Part of a series of interviews with current and past Rubys grantees. Interested in learning more about the Rubys Artist Project Grant program? Go here.
- Grantee: Mara Neimanis
- Grant Year: 2015
- Grant Discipline: Performing Arts
Mara Neimanis is an aerial theater artist whose work draws on traditions in mask performance, clown, and physical performance styles. Her work integrates acting and aerial elements to explore the rich topography and imaginative space of ground and air. Neimanis is the founder and principal performer of In-Flight Theater in Baltimore. The first installation of her Rubys funded project debuts on August 15 at 10pm at the BUS stop next to the Creative Alliance and more information can be found here.
GBCA: How long have you lived in Baltimore and what brought you here?
Mara: I’ve been here for 10 years now. I came from Northern California where I was studying with aerial pioneer, Terry Sendgraff, and teaching for the Dell’Arte School of Physical Theatre. I was at a point in my career where having an MFA seemed like an important next step. Towson University was the only school amongst places I was accepted that recognized me as an “actor-aerialist.” Other schools wanted to put me in their dance departments, which was not an accurate assessment for me or my work. So in many respects, the Towson Theater MFA Program, and especially Juanita Rockwell, who ran the program at that time, were the factors that brought me to Baltimore.
GBCA: How did you discover aerial theater and why does this type of performance suit you as an artist?
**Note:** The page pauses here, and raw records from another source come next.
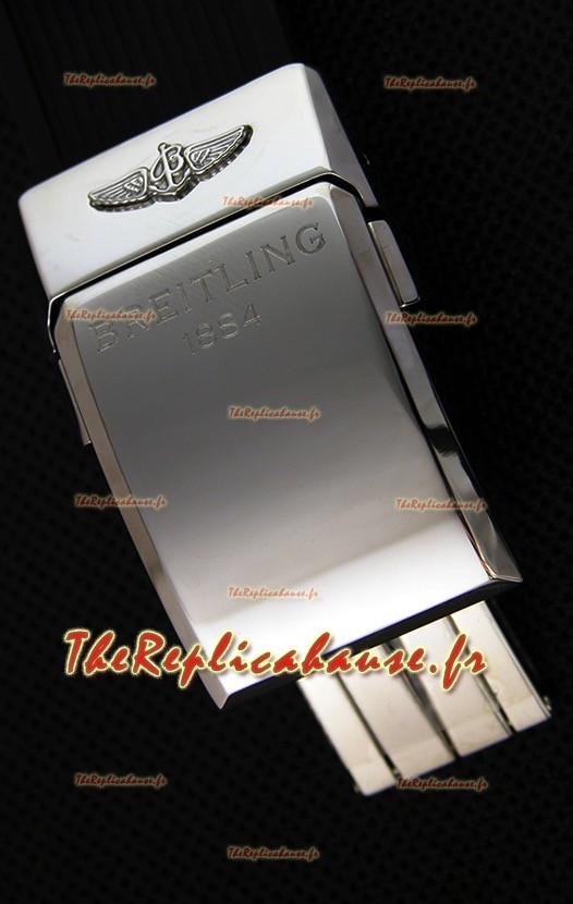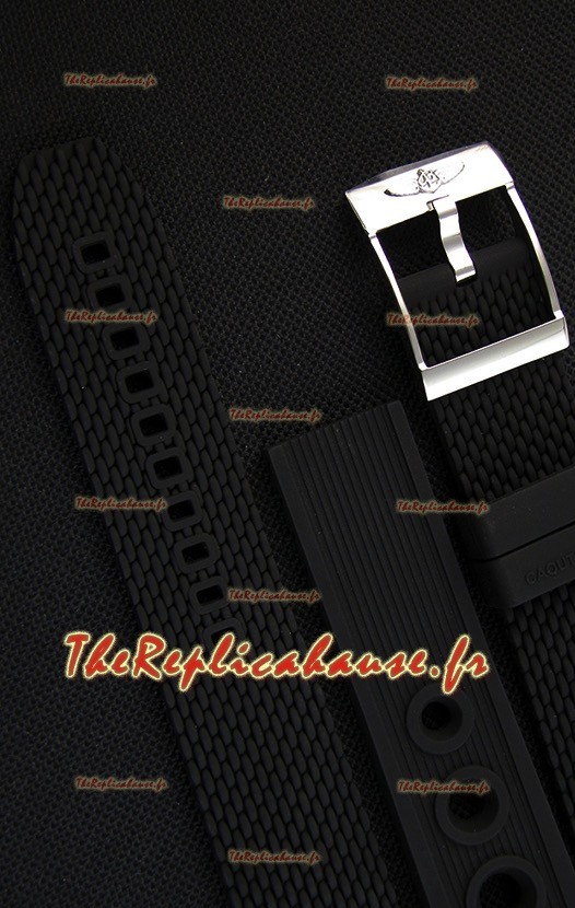 Bracelet en caoutchouc véritable avec boucle à ardillon en acier avec marquages et gravures Breitling.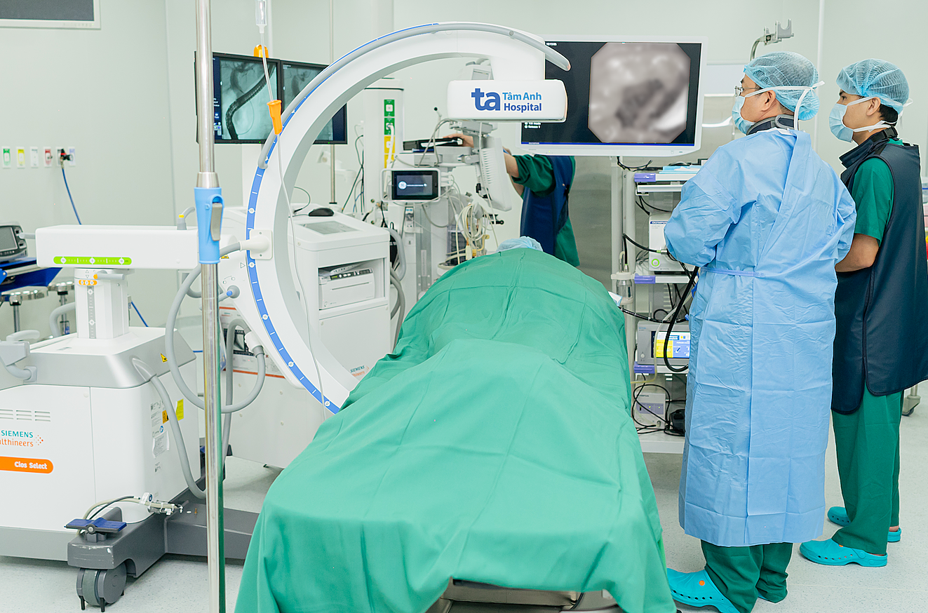 Doctor Binh (in a blue shirt) performs endoscopic retrograde cholangiopancreatography to remove stones and liver flukes. *Photo: Tam Anh General Hospital* |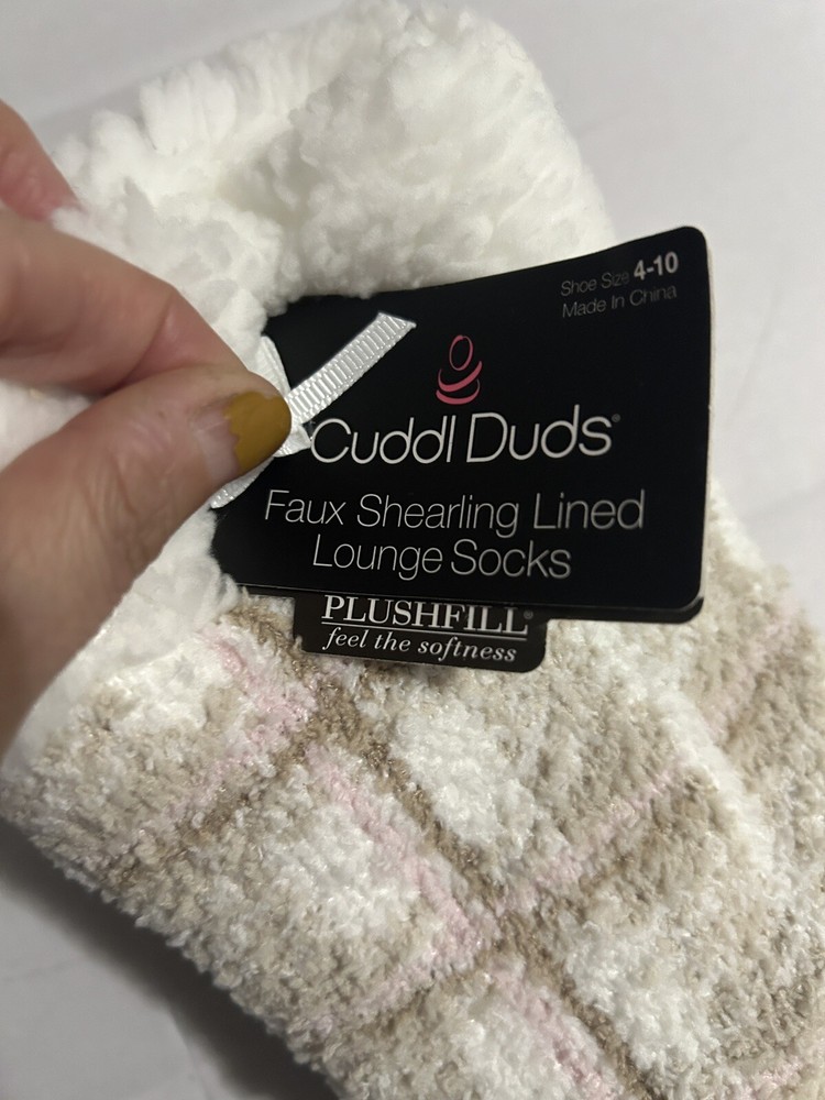 Cuddl Duds Faux Shearling Cozy Lined Slipper Lounge Socks Plushfilled Color Ivory with pink and brown Terms & Conditions Payment: Payment is due within 4 days from day of purchase. (Please only Buy if you intend to Pay) All Orders will be shipped out to the address on file. Make sure your address is updated before you Buy. I will ship item(S) within 24 hours of cleared payment Monday - Friday. All items are shipped thru USPS with tracking. To qualify for shipping discount on Multiple Items. All items must be paid in one transaction. Once you are done shopping please request an adjusted invoice with correct shipping amount. I can not be held responsible for loss and/or damage items in possession by the USPS during Shipping/Delivery period. If you would like to buy insurance for your purchase at your own cost let me know right away so that I include this cost in the invoice. Returns: Returns are not accepted on any Cosmetic or Health care related item(S). Refund will be given once I have received returned item(s) in original unopened/Sealed condition. Shipping charges are non-refundable, unless it is my error. Feedback: I will reciprocate Positive feedback when buyer leaves positive feedback for me as a way of letting me know that buyer is satisfied with the purchase. International: Please Note: Import duties, taxes and charges are not included in the item price or shipping charges. These charges are the buyer's responsibility. Please check with your country's customs office to determine what these additional costs will be prior to bidding/buying. Please know your countries regulations & prohibited items as we are not responsible for seized merchandise. THANKS FOR LOOKING, HAVE A GREAT DAY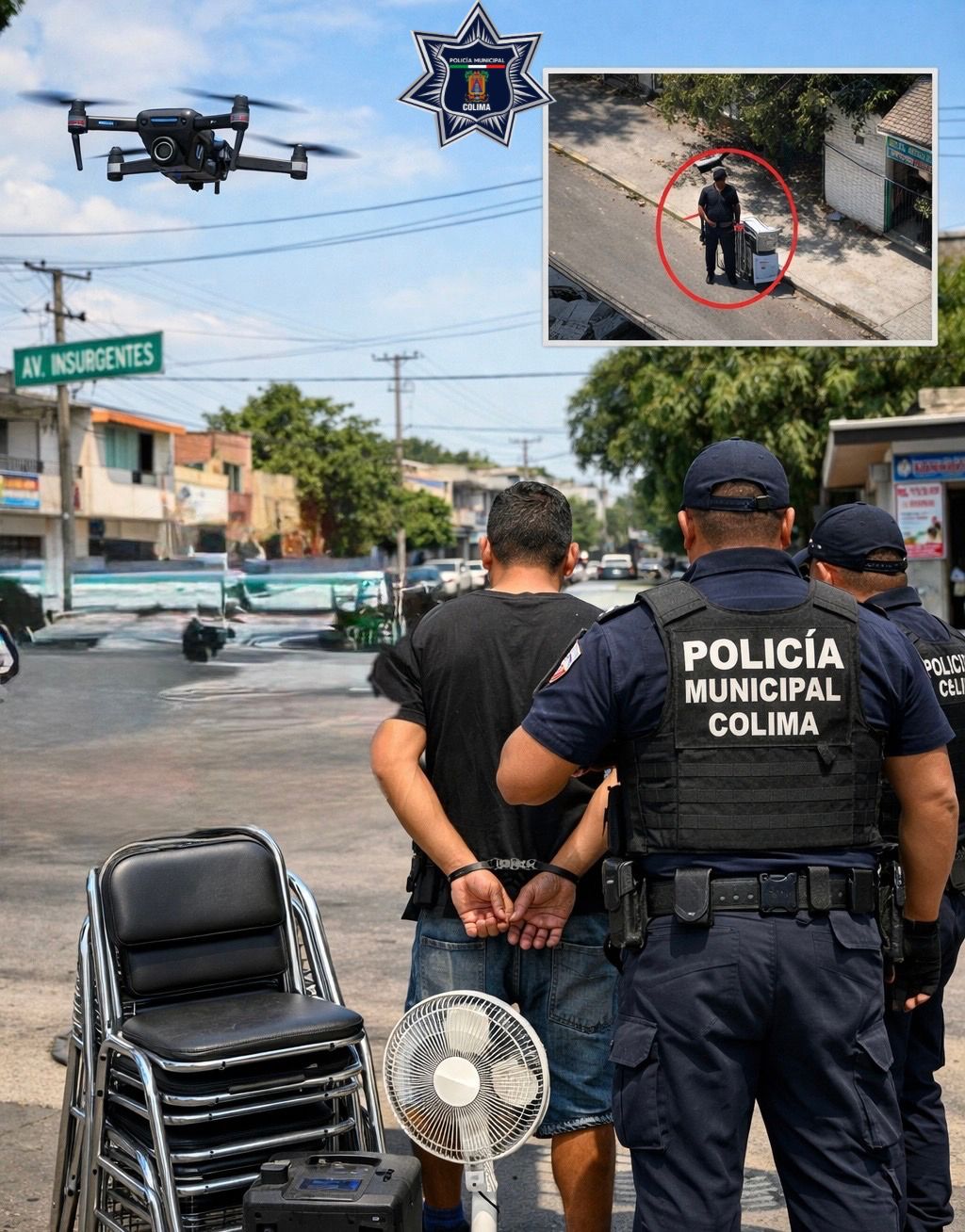 La Dirección General de Seguridad Pública invita a la ciudadanía que haya sido víctima de robo recientemente y que pueda reconocer las sillas metálicas u otros objetos recuperados, a acudir a sus instalaciones para la identificación correspondiente y presentar la denuncia formal, a fin de fortalecer las investigaciones. La Policía Municipal de Colima reitera su compromiso de mantener la seguridad y el orden en el municipio, apoyándose en herramientas tecnológicas como el sistema de videovigilancia aérea, y exhorta a la población a reportar cualquier hecho sospechoso a través de los números de emergencia.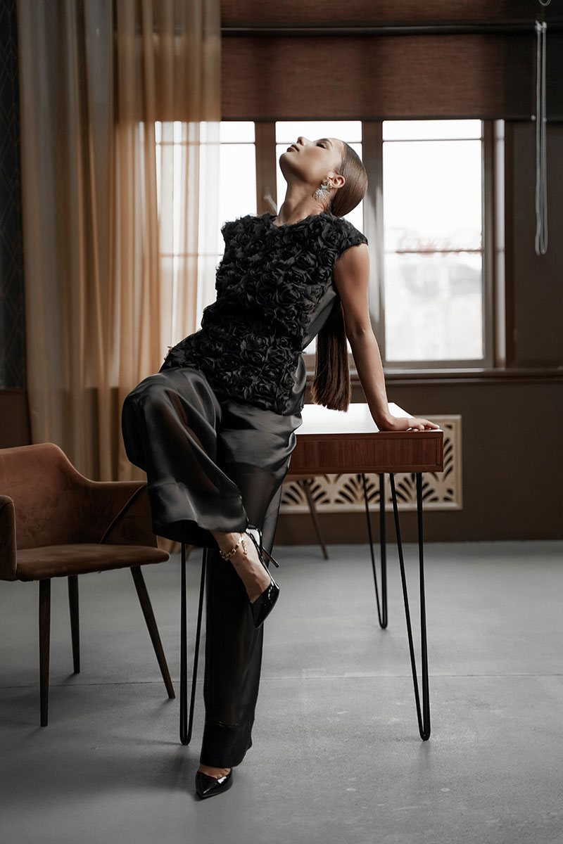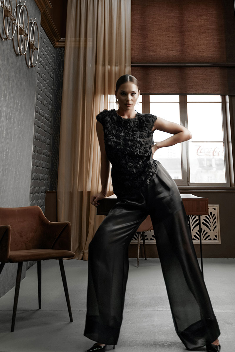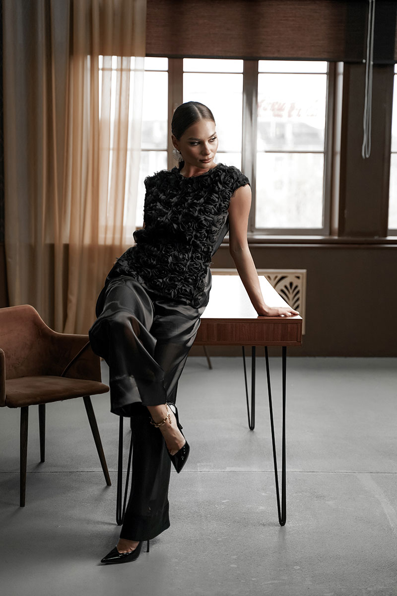 Блузка прямого силуэта со спущенным плечом. Перед из фактурной ткани «розы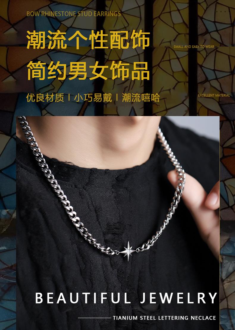 Compre Bamang Star Colar Masculino Simples All-match Titanium Steel Cuban Chain Mulheres Não Desbotamento Luz Luxo Hip Hop Acessórios Venda Quente Jóias no atacado no Joom.pro
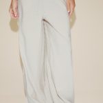 شلوار تولید شده از پارچه دکمهای. دارای بند قابل تنظیم، کمر کشی و ارتفاع متوسط. دارای جیبهای کناری.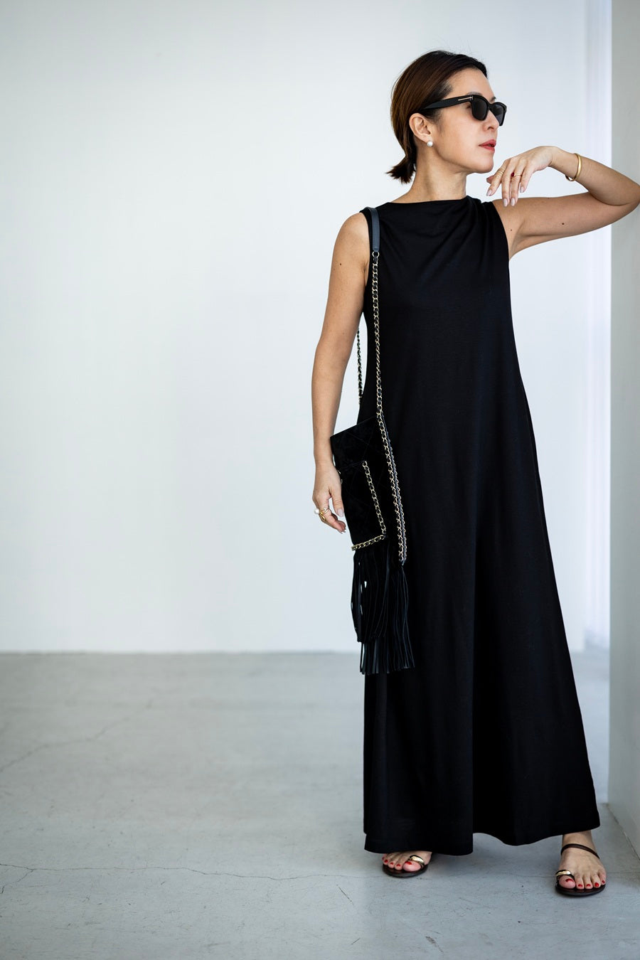 肌触りのいいさらりとした質感と、絶妙な落ち感を備えたカットソー素材で仕立てた、マキシ丈のワンピース。一見するとミニマルな一着ですが、そこには祐宗さんの、計算し尽くされた美学が宿っています。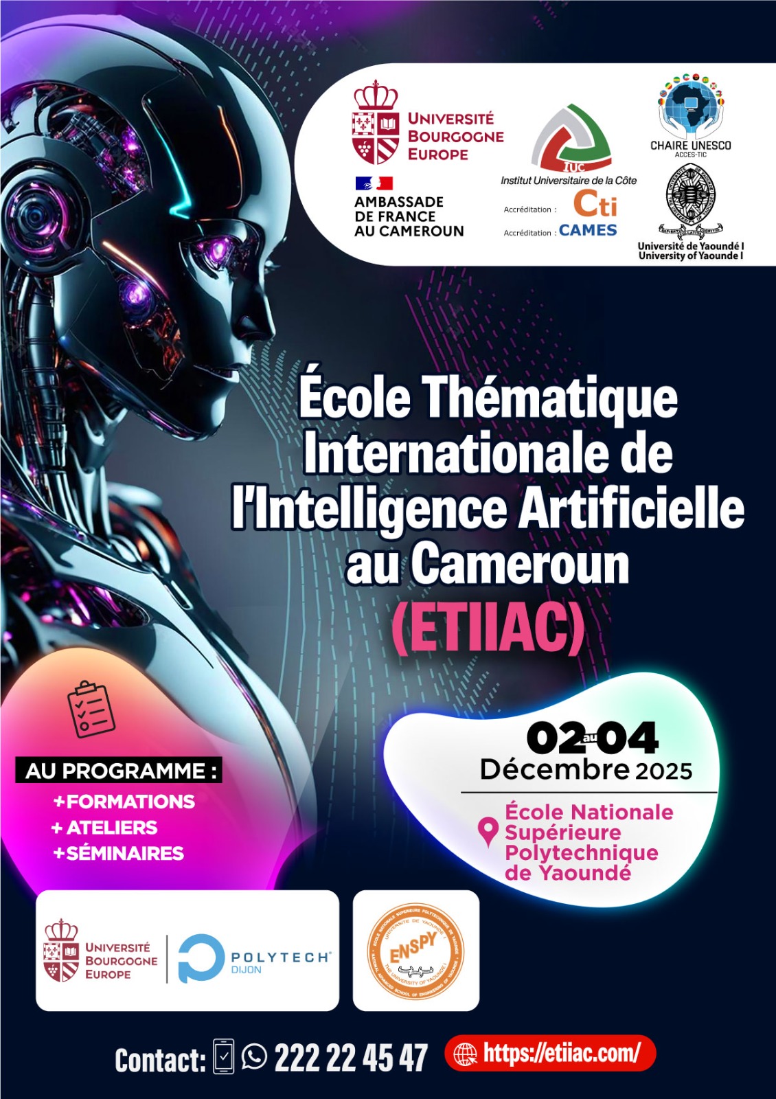 École Thématique Internationale de l’Intelligence Artificielle au Cameroun (ETIIAC) offre une formation d’excellence en IA. Séminaires internationaux, experts mondiaux, applications pratiques au Cameroun.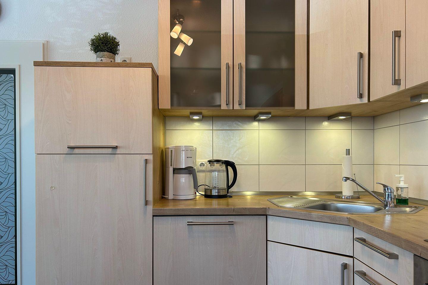 Die zwei Schlafzimmer und der Wohnraum mit Schlafsofa verfügen über insgesamt drei Flachbildfernseher. Neben dem modernen Badezimmer gibt es außerdem ein separates Gäste-WC. Die offene Küche im Wohnraum ist voll ausgestattet, so dass Sie es sich hier garantiert gut gehen lassen können.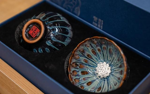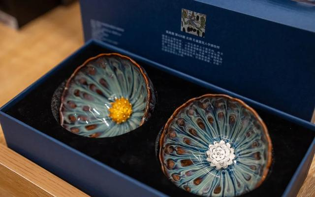 莲杯天成,对饮相伴,这款双盏杯采用莫高窟第428窟孔雀莲花人字披纹样,金银相对,流光溢彩。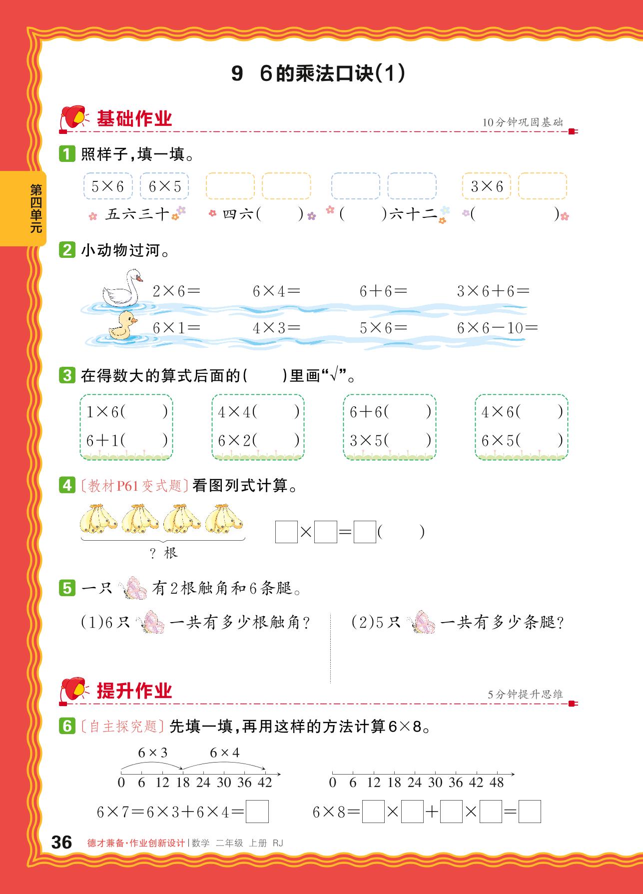 2024秋上册二年级数学人教版 第四单元 表内乘法(一)——9. 6的乘法口诀(1)

Mara: It was through my work with Terry Sendgraff, with whom I mentored for 5 years after my studies at the San Francisco School of Circus Arts. Terry recognized that I consistently incorporated narrative and gesture in my aerial investigations just out of instinct more than anything else. At the time that I was studying with Terry, I still had more training in clown, mask, and physical acting, so maybe I was starting with what I knew, since I came late to aerial work. Terry felt that my instinct to tell 3-dimensional stories was unique and something I should pursue further. She encouraged me to follow that instinct, develop it, and expand the form. Now some 20 years later, I am still super interested in how this work necessitates fully embodied acting choices and gesture. I am still engaged in writing aerial plays and how to create apparatus to tell a specific story on and off the ground. I love working with risk, strength, and physical specificity – I still feel really busy looking at these elements as they create original work and alternative methodologies of teaching aerials and acting. My director, Bryce Butler, has been paramount in helping me reveal this integration and Tim Scofield’s sculptures have formed an amazing container for my imagination and application. I’m still really excited about my craft and feel that I am learning much.
GBCA: What is different about this latest aerial series, Unexpected Places 4 Unexpected Aerials, from past work you have created?
Mara: Well, I have never created a 4-part consecutive site-specific series before, so it is fun to do something that you have never done. Unexpected 4 is also different in that the actual geography of each site – its history, what it is used for, what has happened there, and the contemporary or historic structure/sculpture that exists there – is what I am using to inform each of the pieces. Movement and characters are emerging from each site as source material as well as the risk involved at each site. I am thrilled with the danger, density, and depth of each place and the process of transforming it into a performance venue, which is also different from the aerial plays set in traditional theater spaces.
GBCA: What experience do you want audiences to have with this work?
Mara: Baltimore has challenges, as we all know. It is such an old city with an accumulation of actions from a variety of other actions. I’m hoping this work will create an occasion for gathering, where a collective audience experience or memory is formed and thereby, adding to the interesting “accumulation” that happens here in Baltimore in a positive way. I would like to propose that a new space can emerge out of the old, or an old space can become new through gathering together. I also would like audiences to experience a unique performance that illustrates the importance of physical craft and how that creates something that is unexpected and specific to time and place and the ground that we share.